Aboyne railway station was a station which served Aboyne in the Scottish county of Aberdeenshire. It was served by trains on the line from Aberdeen to Ballater.

History
The Deeside Railway had originally intended to build its railway to Aboyne but it was reincorporated in 1852 with powers only to build as far as . A second company, the Deeside Extension Railway, was incorporated in 1857 to continue the line to Aboyne where it opened the station on 2 December 1859 as its terminus. The line was extended to  by a third company, Aboyne and Braemar Railway, which opened on 17 October 1866 when the station ceased to be a terminus.

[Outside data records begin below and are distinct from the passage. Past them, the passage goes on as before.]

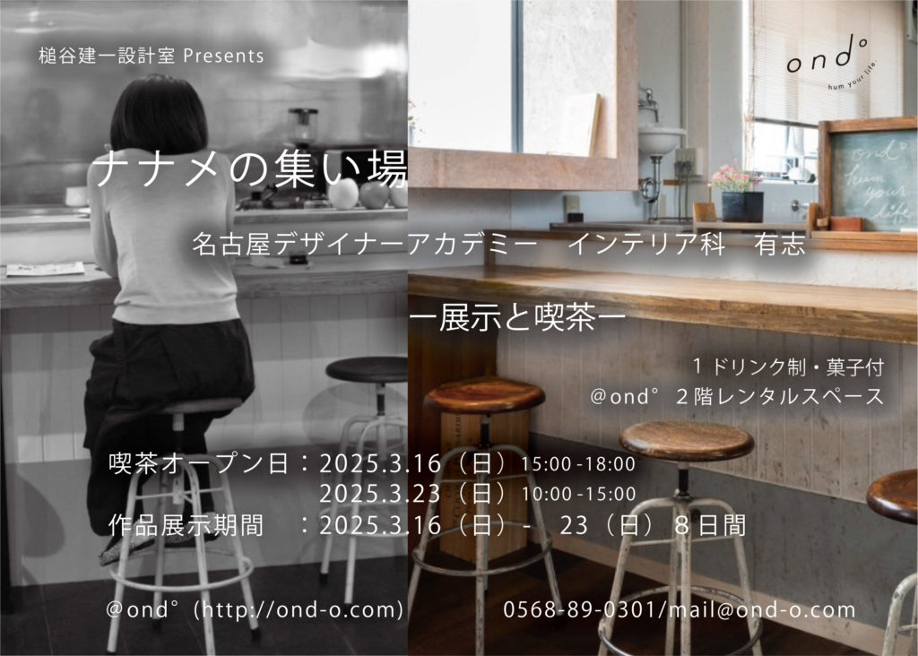 また同時開催として、ond°2階レンタルスペースにて学生の展示、喫茶イベントを行います。
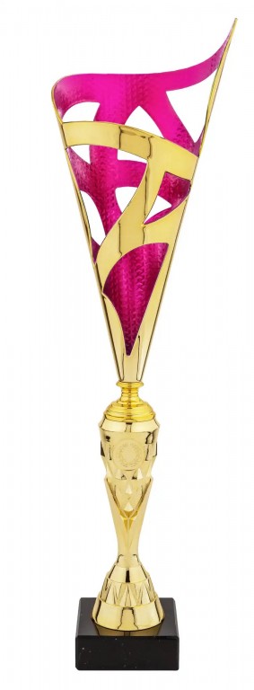 Pohár s plastovým kalichem, plastovou nohou a mramorovým podstavcem.
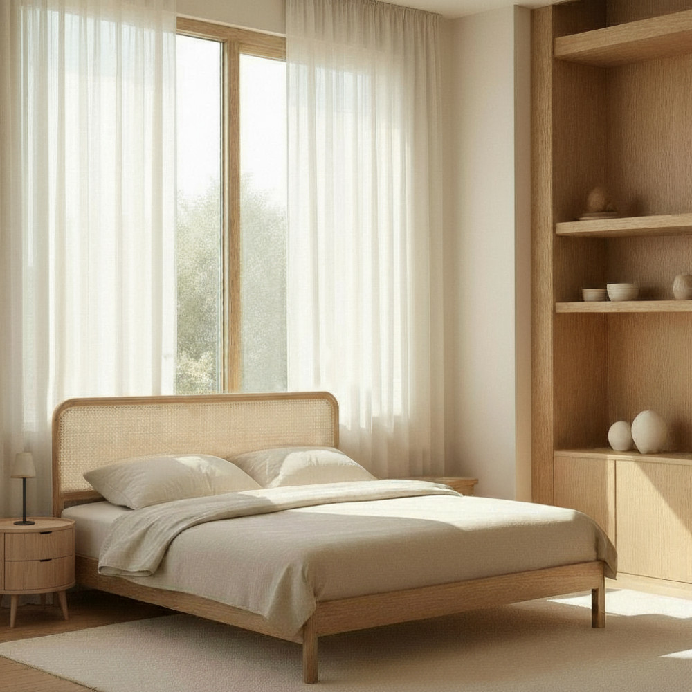 Vous avez un lit 2 places confortable, mais il se compose uniquement d'un sommier et d'un matelas posé dessus ? Vous avez de quoi ranger vos affaires dans la chambre, mais côté déco, ça manque de charme ? Installez alors derrière votre lit une tête de lit, comme ce joli modèle en cannage et bois nommé Billy et signé Drawer ! On vous fait les présentations ?

Later to be leased and then part of the Great North of Scotland Railway, the station became part of the London and North Eastern Railway during the Grouping of 1923, passing on to the Scottish Region of British Railways during the nationalisation of 1948. It was then closed by the British Railways Board on 28 February 1966.

The station was host to a LNER camping coach from 1937 to 1939.  A coach was also positioned here by Scottish Region of British Railways from 1954 to 1960.

Aboyne Curling Pond railway station, also known as Loch of Aboyne Platform or Curlers' Platform, was a nearby private station opened on the Deeside Extension Railway for the use of the curlers, who played on the nearby Loch of Aboyne.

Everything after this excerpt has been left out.